Валентность Аг. Белки содержат несколько Аг-детерминант. Количество молекул AT, связы­вающих все эпитопы, определяет валентность Аг (возрастает пропорционально увеличению молекулярной массы белковой молекулы).

Какие ферменты «защиты и агрессии» бактерий вы знаете? Методы их обнаружения у бактерий.

⇐ ПредыдущаяСтр 2 из 3

Ферменты «защиты и агрессии» способствуют распространению бактерии в тканях организма.

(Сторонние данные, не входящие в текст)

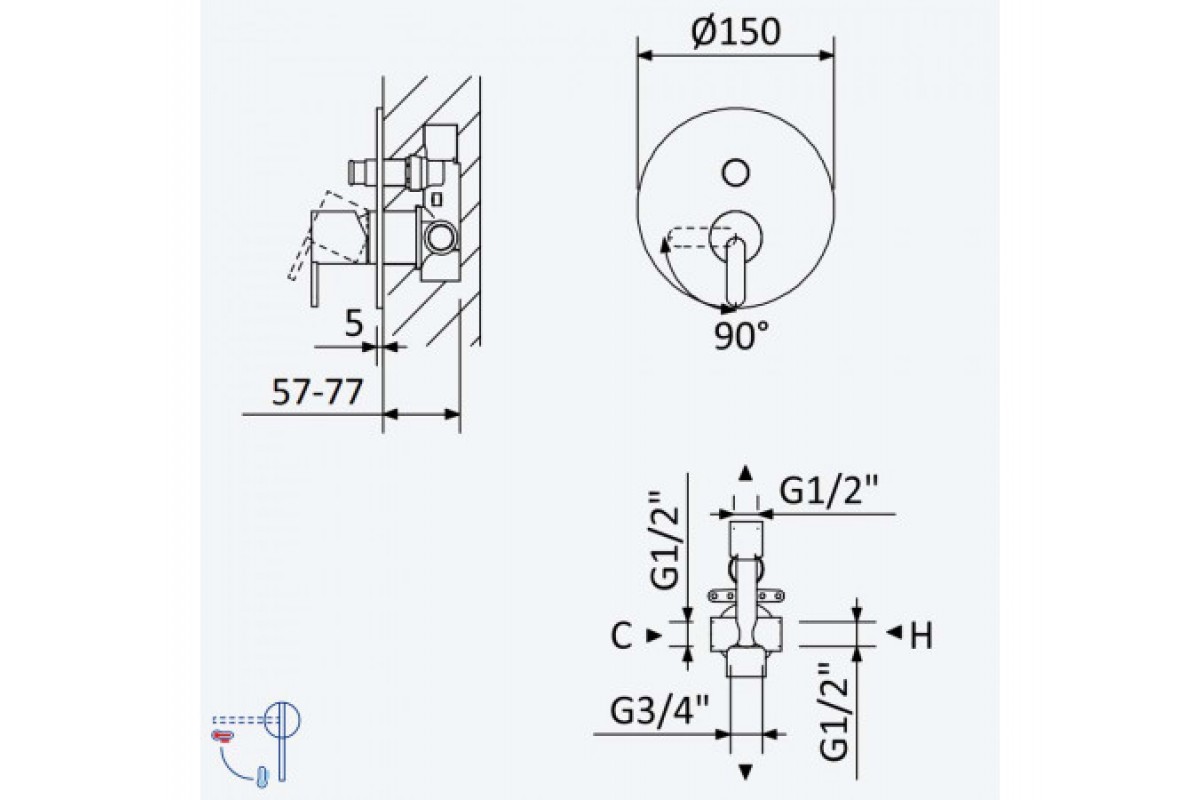 Смеситель скрытого монтажа Leaf Night Sky 167 130 1NS (на 2 потока)

К ним относят плазмокоагулазу, фибринолитический фермент, лецитиназу, гиалуронидазу, ДНК-азу и др.

Для выявления гиалуронидазы кролику в один участок депилированной кожи вводят внутрикожно 0,2 мл туши в физрастворе, а в соседний участок – 0,2 мл туши с прибавлением фильтрата бульонной культуры стафилококка. Пятно на месте инъекции туши с фильтратом через 24-48 ч в несколько раз превосходит по размерам пятно на месте введения туши без фильтрата за счет повышения проницаемости ткани в присутствии гиалуронидазы.

Для выявления фибринолитического фермента в чашки Петри с агаровой средой, содержащей плазму, засевают испытуемую культуру. После инкубации в течение 24-48 ч при 37 градусах образуется зона просветления вокруг колоний бактерий , продуцирующих фибринолизин.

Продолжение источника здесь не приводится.